Так я и думала: сплошной электорат Зюганова. Вот и Антон Сидорович, неплохой, в сущности, дядька, видать, туда же – настигнув нас уже на выходе, преграждает дорогу:
– Что ни говорите, раньше жизнь получше была!
– Когда это? – угрюмо ворчу я.
– Ну как же, при Брежневе, Косыгине… Да ты молодая, поди, не помнишь!
– Брежнева и Косыгина помню прекрасно. Хорошей жизни не припоминаю.
– Не скажи, все-таки цены не в пример были, та же колбаса…
– Где колбаса? За ней же отсюда в Москву ездили! Еще загадка тогда была: «Длинное, зеленое, пахнет колбасой – это что такое? – Электричка Москва-Калуга».
– Ну и что? Зато съездишь, бывало, в Москву, так уж за сотню всего укупишь, а теперь сотня не деньги.
– А вы хотите, чтобы зарплата нынешняя, а цены тогдашние?
Ну вот, ввязалась-таки в бессмысленную перепалку. Игорь помалкивает, но не потому, что философ, а потому, что зуб у него болит.
– И потом, вам еще можно было добраться до Москвы, а кто дальше живет, тем каково? У меня подруга, например, в Йошкар-Оле, так она…
Зря, не стоит про это! В Йошкар-Оле сейчас по-другому, но тоже скверно, а главное, ему в глубине души плевать: пусть окраины хоть с голоду повымрут, лишь бы здесь подешевело. Но признаться в этом все же совестно, и Антон Сидорович дипломатично переводит разговор на другое:
– Ты-то чего споришь? Вы, что ль, с мужиком богато живете? Добро бы ты обогатела, тогда конечно… А ведь тебя приодеть если, – он оглядывает мою особу стремительно яснеющим взором исследователя, рождающего открытие, – красивая ж баба будешь! Как.., – мгновение он колеблется, не слишком ли осчастливит меня, но, великодушный, решает не скупиться, – как Людмила Зыкина!

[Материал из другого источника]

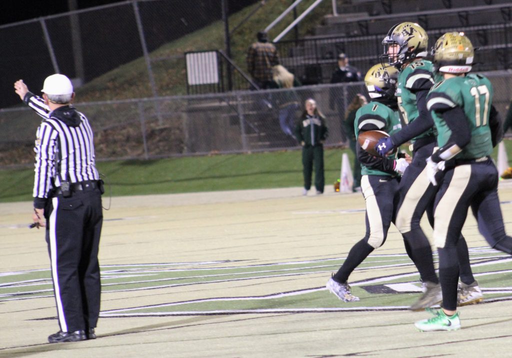 Cole Weightman recovered a McKnight fumble late in the first quarter and five plays later Hunter Ruokonen scored on a 39-yard touchdown pass from Jared Hartman early in the second quarter. Ruokonen caught a pass in the flat and broke two tackles before bouncing off of a defender on his way to the end zone.

Пошатнувшись под тяжестью столь увесистого комплимента, я с трепетом представляю мощную фигуру звезды народной и советской песни, всю в сверкающих позументах. Похоже, я в нокдауне. Антон же Сидорович вдруг прибавляет словно бы вскользь:
– Сам-то я за Ельцина голосовал. Хоть как-то все наладилось, и опять перемены – это ж сколько можно над народом измываться?

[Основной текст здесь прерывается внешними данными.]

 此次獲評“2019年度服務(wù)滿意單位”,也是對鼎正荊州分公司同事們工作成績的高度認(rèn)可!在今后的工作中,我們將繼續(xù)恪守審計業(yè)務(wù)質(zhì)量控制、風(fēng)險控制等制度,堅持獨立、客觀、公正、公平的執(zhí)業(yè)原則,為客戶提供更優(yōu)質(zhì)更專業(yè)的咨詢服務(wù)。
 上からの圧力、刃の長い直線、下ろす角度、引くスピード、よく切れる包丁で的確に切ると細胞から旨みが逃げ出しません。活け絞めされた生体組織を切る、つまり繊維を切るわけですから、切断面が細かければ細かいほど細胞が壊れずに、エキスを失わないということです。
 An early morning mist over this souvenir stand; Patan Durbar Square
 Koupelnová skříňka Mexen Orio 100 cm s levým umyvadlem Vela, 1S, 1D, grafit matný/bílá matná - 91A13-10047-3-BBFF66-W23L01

Через пару дней, когда было уже известно, что большинство в районе проголосовало за коммунистов, меня по дороге из сельсовета (по странному капризу природы, хлеб теперь продается не в магазине, а в одной из комнат двухэтажного сельсоветовского здания) окликнула одна из местных старушек:
– Девк, поди, что скажу!
«Девками» здесь именуют всех лиц женского пола, кроме тех, кого зовут «бабками», и я все еще состою в первой категории. Зато моя собеседница – давно и непоправимо «бабка». И уж окончательно сдала с прошлого года, когда утонула ее юная внучка. Вроде бы несчастный случай, но были там подозрительные обстоятельства. Она меня тогда вот так же перехватила на улице и долго, плача, втолковывала: Ксюшу убили! С тех пор она ко мне благоволит – за бесполезное терпение, с каким выслушала. В милиции вникнуть не пожелали.
– Да, Матрена Тихоновна?
– Это что ж теперь, неужто снова большевики придут?
Я пожимаю плечами: посмотрим, дескать. И вдруг ее прорывает. Дряхлая женщина со слоновьими ногами и слезящимися глазами, с каждым словом закипая все сильнее, начинает рассказывать. Про то, какой был – вон там, над речкой! – чудный монастырь, большой, богатый, и за лесом монахи ухаживали, расчищали – разве такой лес-то был, как нынче, заваленный весь? И как всех здешних мужиков, кто монастырь защитить хотел, отвели к околице и расстреляли. «Думаешь, отчего ту поляну у последнего дома Могилками называют? Там и закопали, вот почему!»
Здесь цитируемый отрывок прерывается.